Numerical variables can have different scales. For instance, age typically ranges from 0 to 100 while income can range from 0 to very high values. There are two common ways to bring all features to the same scale: Normalization and Standardization.
Feature Scaling
Standardization is a scaling technique where the values are centered around the mean with a unit standard deviation. This means that the mean of the attribute becomes zero and the resultant distribution has a unit standard deviation.
from sklearn.preprocessing import StandardScaler
scaler = StandardScaler()
data['numerical_column'] = scaler.fit_transform(data['numerical_column'].values.reshape(-1, 1))

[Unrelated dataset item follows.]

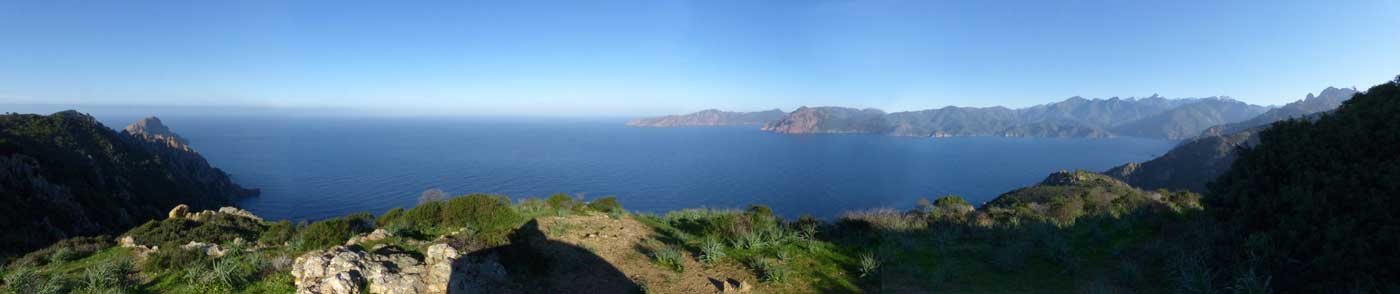 ![]() Vue vers le golfe de Girolata depuis le Col de Palmarella |
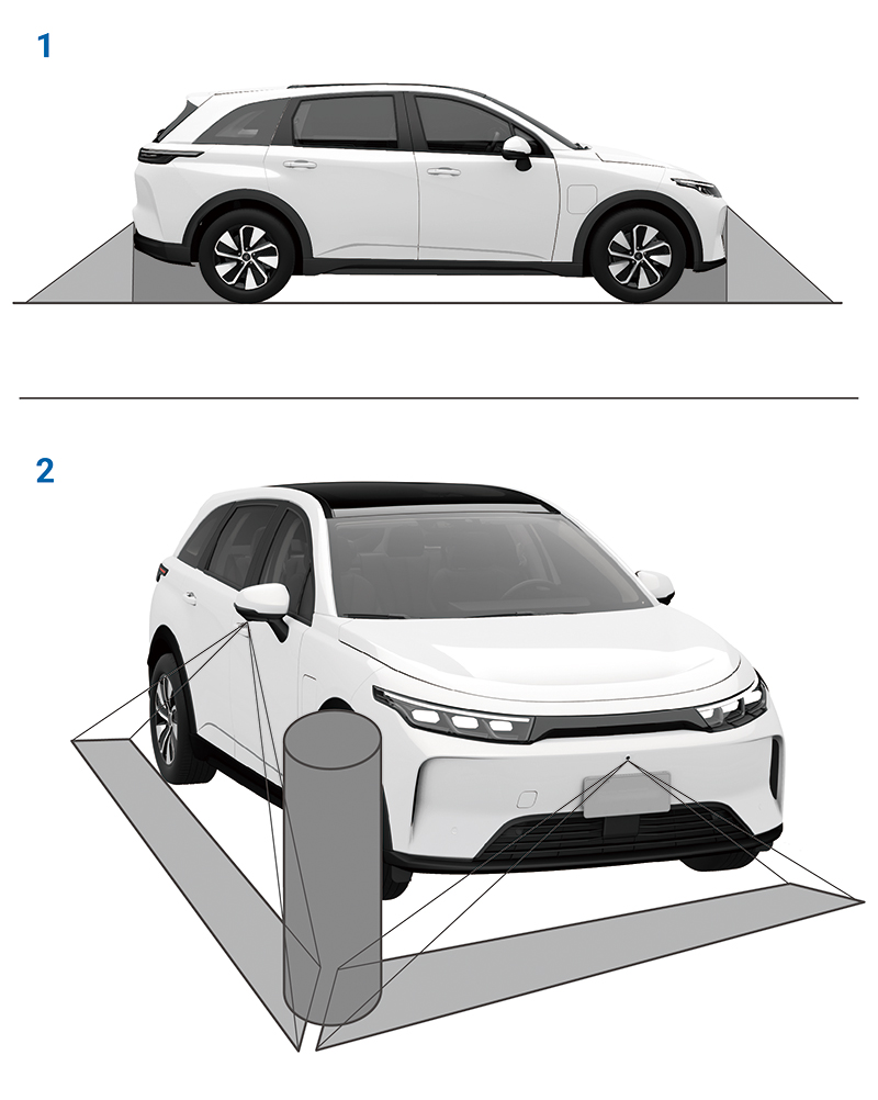- 環景影像輔助系統在某些角度及位置無法偵測到物體。當在各畫面影像顯示時,保險桿下方或地面上的物體可能無法偵測到 1。

Normalization (or Min-Max Scaling) rescales the features from 0 to 1. This scaler works better for cases where standard scaling may not work well.
from sklearn.preprocessing import MinMaxScaler
scaler = MinMaxScaler()
data['numerical_column'] = scaler.fit_transform(data['numerical_column'].values.reshape(-1, 1))
Feature Selection
Feature selection is the process of selecting a subset of relevant features (variables, predictors) for use in model construction.
Here are some techniques to do feature selection:
- The Correlation matrix: This is a table showing correlation coefficients between variables.
import seaborn as sns
correlation_matrix = data.corr().round(2)
sns.heatmap(data=correlation_matrix, annot=True)
- Recursive feature elimination (RFE): This is based on the idea to repeatedly construct a model and choose either the best or worst performing feature.
from sklearn.feature_selection import RFE
from sklearn.linear_model import LinearRegression
model = LinearRegression()
rfe = RFE(model, 7)
X_rfe = rfe.fit_transform(X,y)
Disclaimer – Remember, each feature engineering technique can affect dataset differently. Always cross validate and check how the model responds to your changes.
Conclusion
Feature engineering is a vital step in creating powerful machine learning models. Python, with its robust libraries, provides a wide variety of techniques in handling data and creating new features, ultimately enabling the development of highly accurate and efficient models. Despite this, deciding on which feature engineering strategies to employ remains more of an art than a science and comes with numerous choices based on the data and project at hand.